Your instructions => Omitting the images, transcribe the records below exactly as they stand.

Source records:
*** Block opens ***
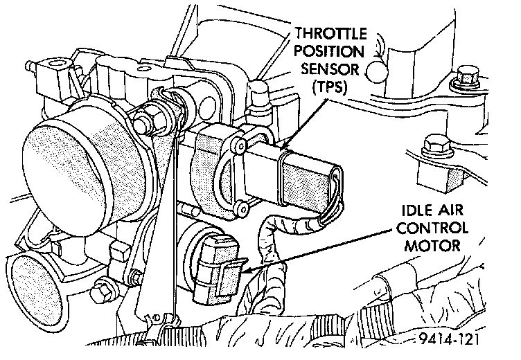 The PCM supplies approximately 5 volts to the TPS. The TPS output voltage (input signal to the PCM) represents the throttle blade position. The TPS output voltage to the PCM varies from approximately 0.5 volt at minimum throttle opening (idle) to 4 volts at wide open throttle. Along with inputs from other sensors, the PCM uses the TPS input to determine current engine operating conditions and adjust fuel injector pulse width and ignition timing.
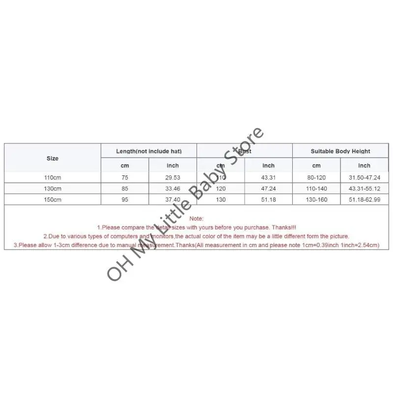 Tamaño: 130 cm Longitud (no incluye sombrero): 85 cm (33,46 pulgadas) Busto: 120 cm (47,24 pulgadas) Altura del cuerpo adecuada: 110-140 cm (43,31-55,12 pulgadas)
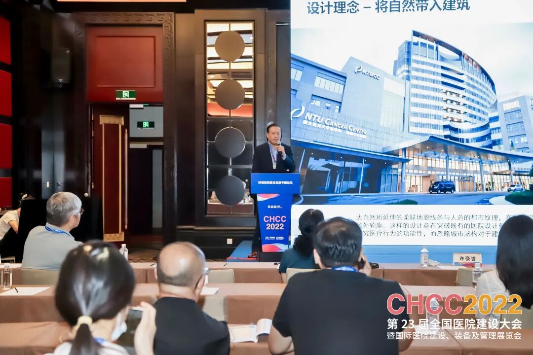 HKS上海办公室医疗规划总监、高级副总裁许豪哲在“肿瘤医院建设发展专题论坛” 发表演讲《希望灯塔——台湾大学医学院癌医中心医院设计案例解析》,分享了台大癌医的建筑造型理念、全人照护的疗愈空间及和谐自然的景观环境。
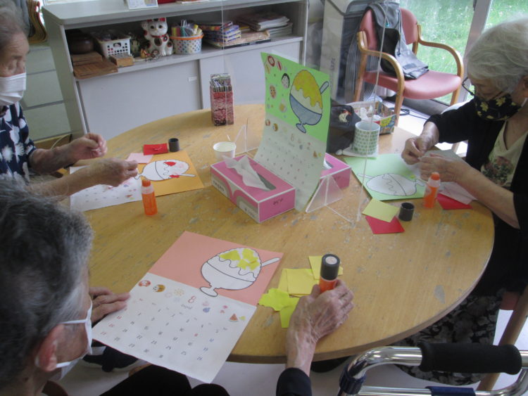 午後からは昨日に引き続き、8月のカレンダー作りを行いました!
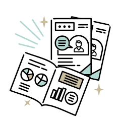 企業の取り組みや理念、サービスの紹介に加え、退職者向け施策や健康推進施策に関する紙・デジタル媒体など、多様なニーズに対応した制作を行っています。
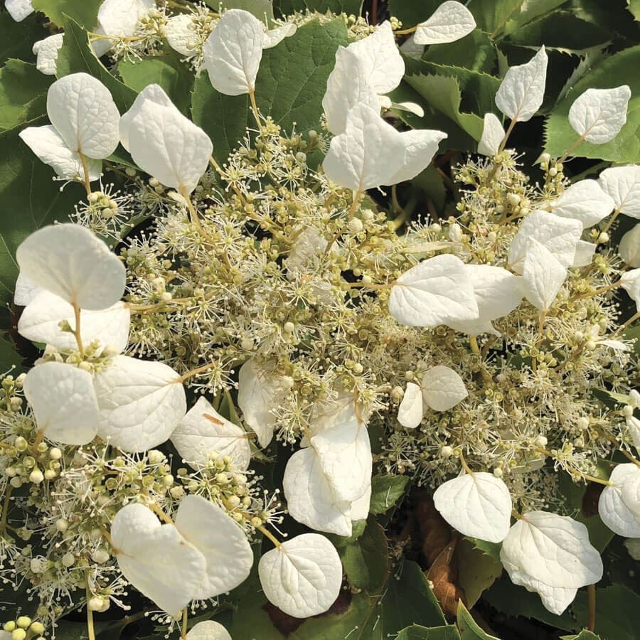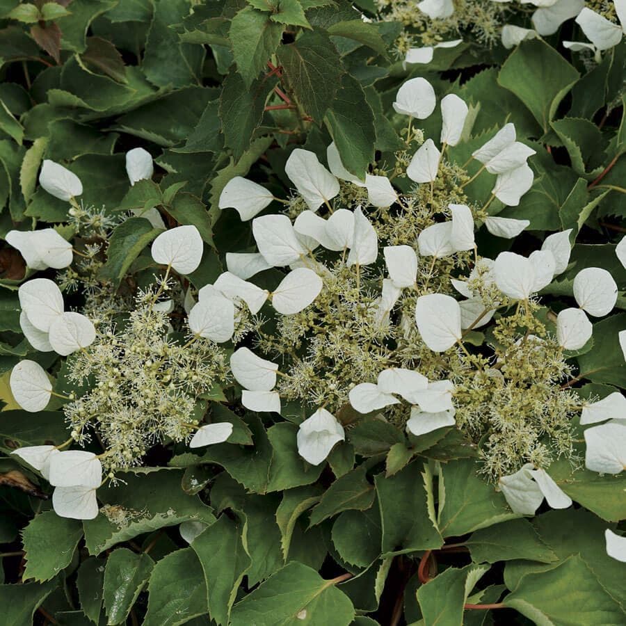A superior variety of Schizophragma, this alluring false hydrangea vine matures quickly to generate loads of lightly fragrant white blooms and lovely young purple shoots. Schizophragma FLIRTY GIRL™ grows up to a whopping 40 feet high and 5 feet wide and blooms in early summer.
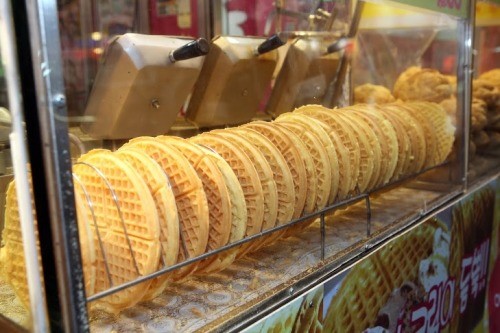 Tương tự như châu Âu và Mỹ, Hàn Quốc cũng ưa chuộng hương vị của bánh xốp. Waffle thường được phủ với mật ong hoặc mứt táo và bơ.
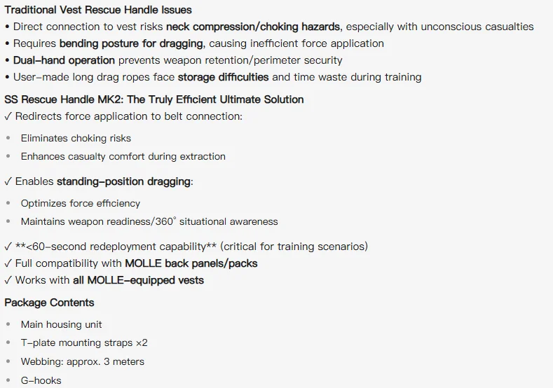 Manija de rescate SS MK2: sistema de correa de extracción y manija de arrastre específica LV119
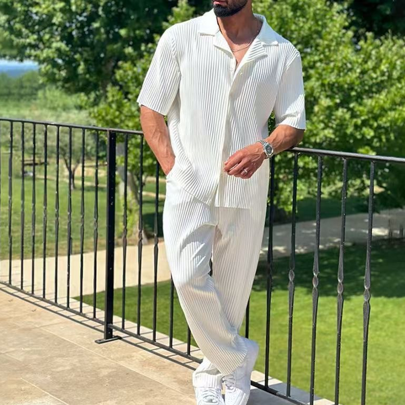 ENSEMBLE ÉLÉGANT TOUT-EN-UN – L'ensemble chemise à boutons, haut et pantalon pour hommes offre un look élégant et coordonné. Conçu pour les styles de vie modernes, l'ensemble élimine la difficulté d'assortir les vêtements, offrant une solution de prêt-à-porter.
*** Block closes ***
Output for this task =>
 The PCM supplies approximately 5 volts to the TPS. The TPS output voltage (input signal to the PCM) represents the throttle blade position. The TPS output voltage to the PCM varies from approximately 0.5 volt at minimum throttle opening (idle) to 4 volts at wide open throttle. Along with inputs from other sensors, the PCM uses the TPS input to determine current engine operating conditions and adjust fuel injector pulse width and ignition timing.
 Tamaño: 130 cm Longitud (no incluye sombrero): 85 cm (33,46 pulgadas) Busto: 120 cm (47,24 pulgadas) Altura del cuerpo adecuada: 110-140 cm (43,31-55,12 pulgadas)
 HKS上海办公室医疗规划总监、高级副总裁许豪哲在“肿瘤医院建设发展专题论坛” 发表演讲《希望灯塔——台湾大学医学院癌医中心医院设计案例解析》,分享了台大癌医的建筑造型理念、全人照护的疗愈空间及和谐自然的景观环境。
 午後からは昨日に引き続き、8月のカレンダー作りを行いました!
 企業の取り組みや理念、サービスの紹介に加え、退職者向け施策や健康推進施策に関する紙・デジタル媒体など、多様なニーズに対応した制作を行っています。
A superior variety of Schizophragma, this alluring false hydrangea vine matures quickly to generate loads of lightly fragrant white blooms and lovely young purple shoots. Schizophragma FLIRTY GIRL™ grows up to a whopping 40 feet high and 5 feet wide and blooms in early summer.
 Tương tự như châu Âu và Mỹ, Hàn Quốc cũng ưa chuộng hương vị của bánh xốp. Waffle thường được phủ với mật ong hoặc mứt táo và bơ.
 Manija de rescate SS MK2: sistema de correa de extracción y manija de arrastre específica LV119
 ENSEMBLE ÉLÉGANT TOUT-EN-UN – L'ensemble chemise à boutons, haut et pantalon pour hommes offre un look élégant et coordonné. Conçu pour les styles de vie modernes, l'ensemble élimine la difficulté d'assortir les vêtements, offrant une solution de prêt-à-porter.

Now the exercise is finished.